Философия религии в русской метафизике XIX – начала XX века - страница 9
В-третьих, несмотря на сказанное выше, следует отдавать себе отчет в том, что как в рамках немецкой, так и в рамках англо-американской традиции философии религии постепенно выработались, в соответствии с характерной для каждой из них направленностью познавательного интереса, некоторые стандартные наборы проблем и способов их рассмотрения, лишь отчасти пересекающиеся с теми, которые были характерны в свое время для русской мысли. Они, следовательно, не могут быть механически перенесены на русский материал. То же самое, и с еще большим основанием, может быть сказано и о современной российской мысли, так или иначе восходящей к советской традиции «научного атеизма» с ее марксистскими корнями. Это значит, что рассмотрение только тех теорий русских философов, которые соответствуют нашим современным представлениям о предметном поле философии религии, не может быть вполне адекватным и, во всяком случае, окажется слишком отрывочным. Необходимо, стало быть, обращение к русской философской традиции в свете присущей именно ей направленности познавательного интереса. Это влечет за собой определенную трудность, выявление которой само по себе составляет одну из важных задач работы: с одной стороны, рассмотрение философии религии того или иного мыслителя почти всегда требует более или менее целостного воспроизведения, под определенным углом зрения, всей системы его идей, с другой – приходится совмещать рассмотрение уникальности каждого отдельного мыслителя с выявлением общих закономерностей становления дисциплины в целом.

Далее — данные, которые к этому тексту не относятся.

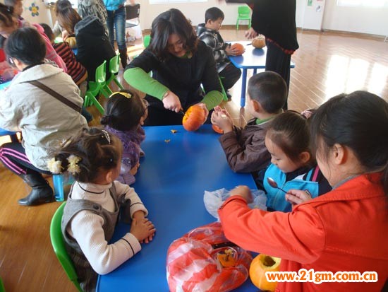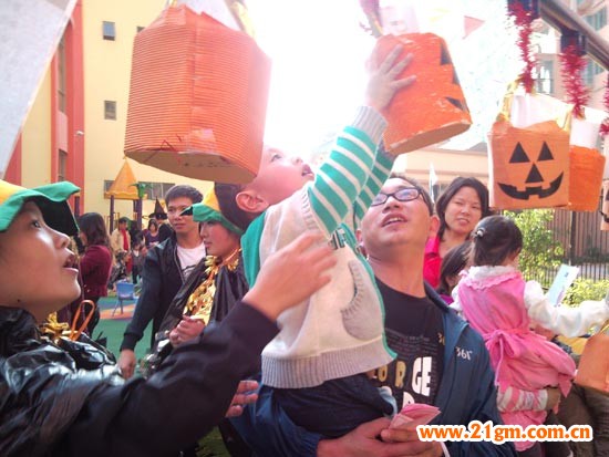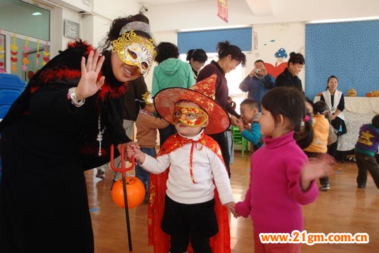 萬圣節(jié)是西方的“鬼節(jié)”,10月31日是萬圣節(jié)的前一夜,按照西方的習俗這個夜晚人們會提著南瓜燈帶上面具到戶外舉行不同形式的活動,孩子們也會挨家挨戶去要糖吃。我園為了豐富孩子們的知識、開闊孩子們的視野,在10月29日上午舉行了“中國特色”的萬圣節(jié)主題活動。活動中我們?nèi)w教師、家長、孩子共同參與度過了一個歡樂的萬圣節(jié)日。
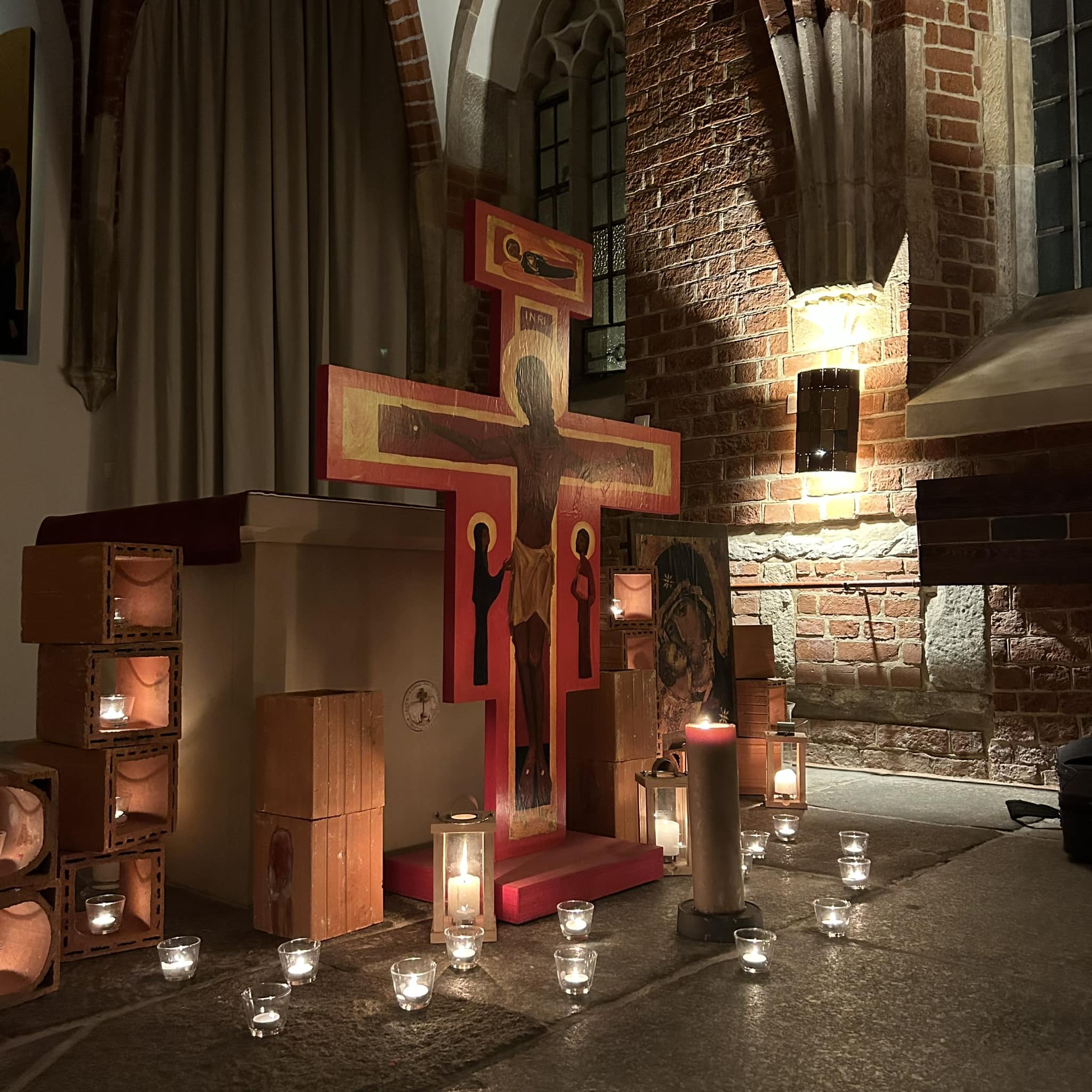 Jest to cykl spotkań ze sztuką współczesną w przestrzeni sakralnej we Wrocławiu. Dwa razu w roku chcemy w ramach tego projektu zaprosić do dialogu — między artystą a odbiorcą, między tradycją a współczesnością, między tym, co materialne, a tym, co duchowe. Projekt ma na celu stworzenie przestrzeni, w której sztuka staje się formą medytacji nad prawdą, pięknem i tajemnicą istnienia.
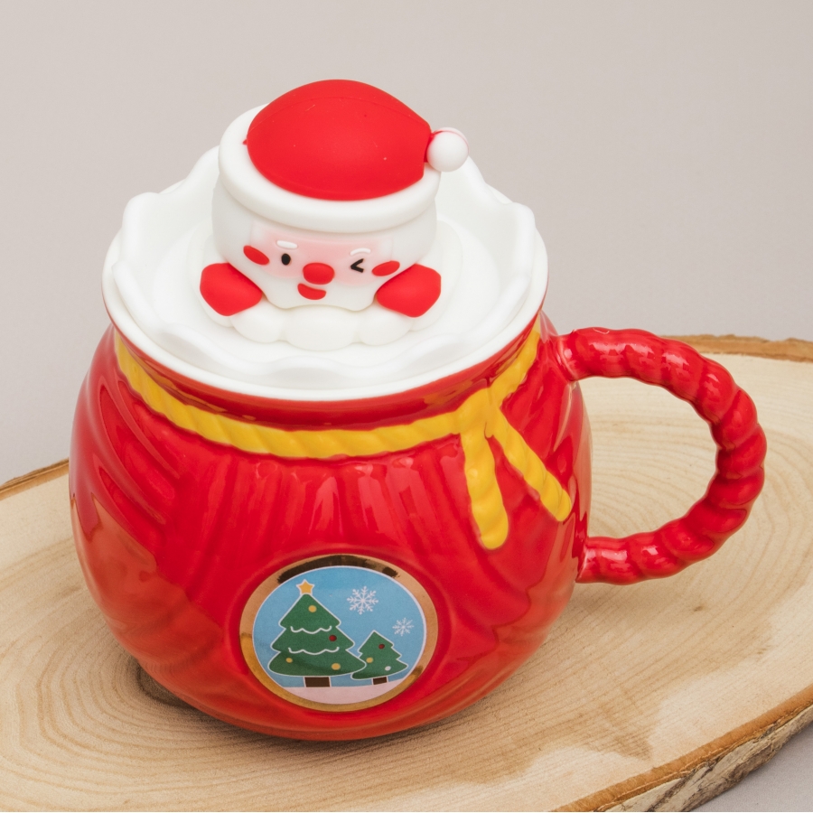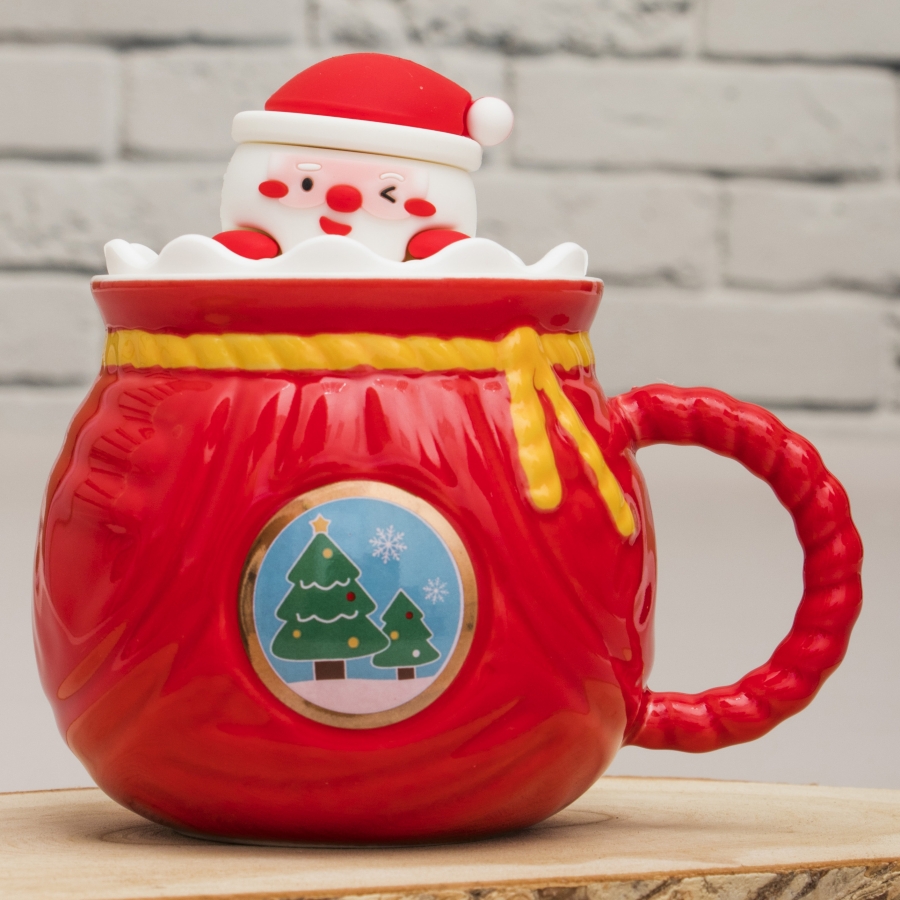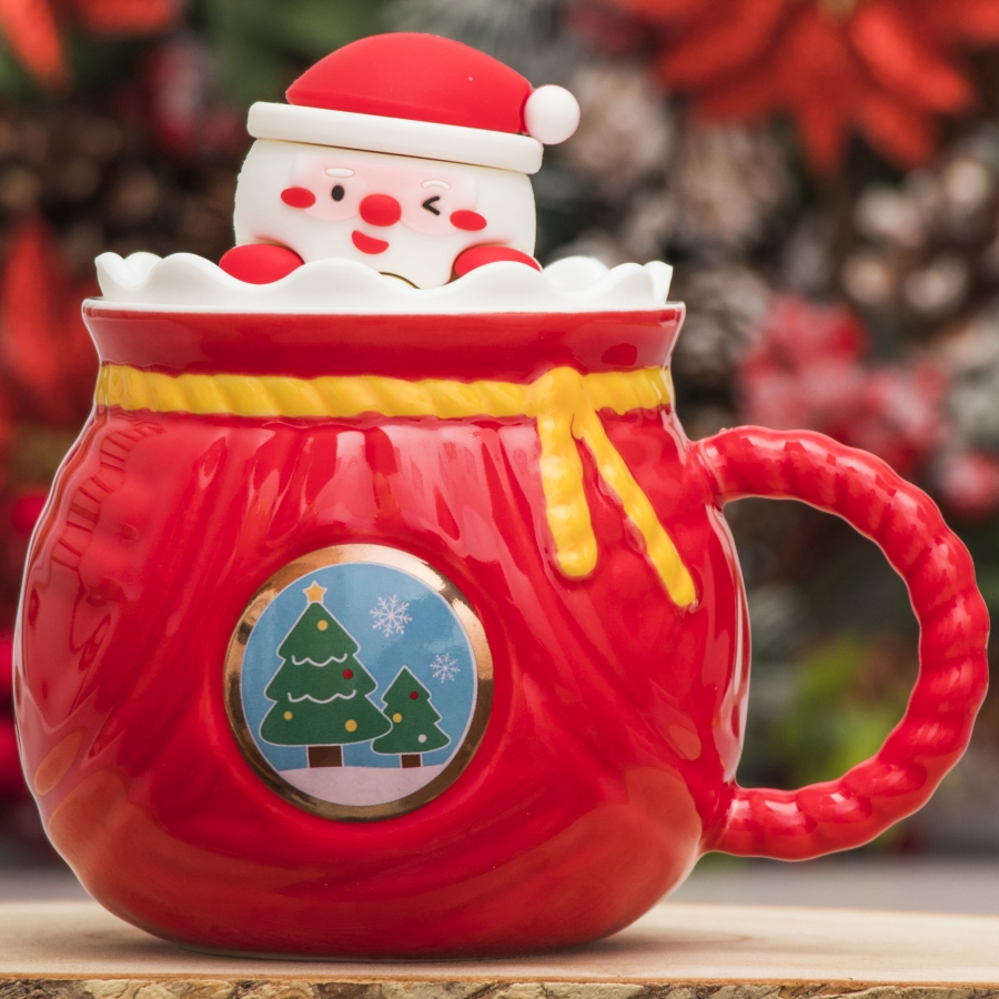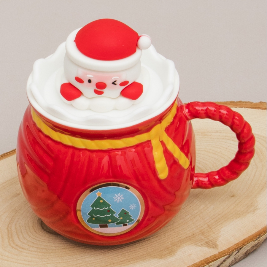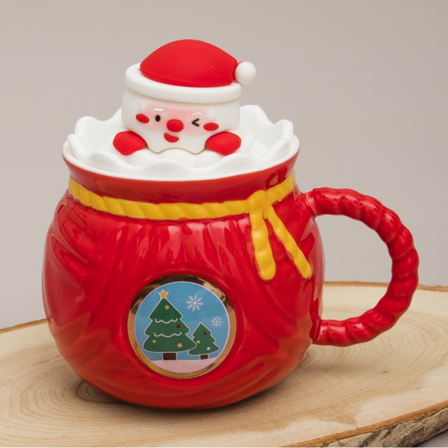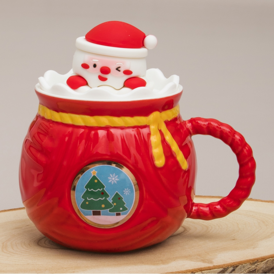 Кружка с крышкой «Дед Мороз с мешком подарков»

В-четвертых, заявленная попытка представить русскую метафизику как программу исследования религии, естественно, требует уделять значительное внимание становлению методологических аспектов этой программы и сопоставлению идей русских мыслителей с соответствующими концепциями западных философов. В этом не следует видеть ни апологетики русской философии («Россия – родина диффузионизма, феноменологии, экзистенциализма и т. д.»), ни стремления к ее ниспровержению как якобы вторичной, неоригинальной и т. п. Помимо того что такие сопоставления имеют собственный историко-философский интерес, их функция в данной работе заключается также в том, чтобы, изъяв данные моменты из привычного контекста «религиозной философии», яснее подчеркнуть указанную исследовательскую составляющую русской мысли и, таким образом, хотя бы отчасти начать работу по преодолению почти не замечаемой нами, но от того только более глубокой герменевтической пропасти нас от нее отделяющей.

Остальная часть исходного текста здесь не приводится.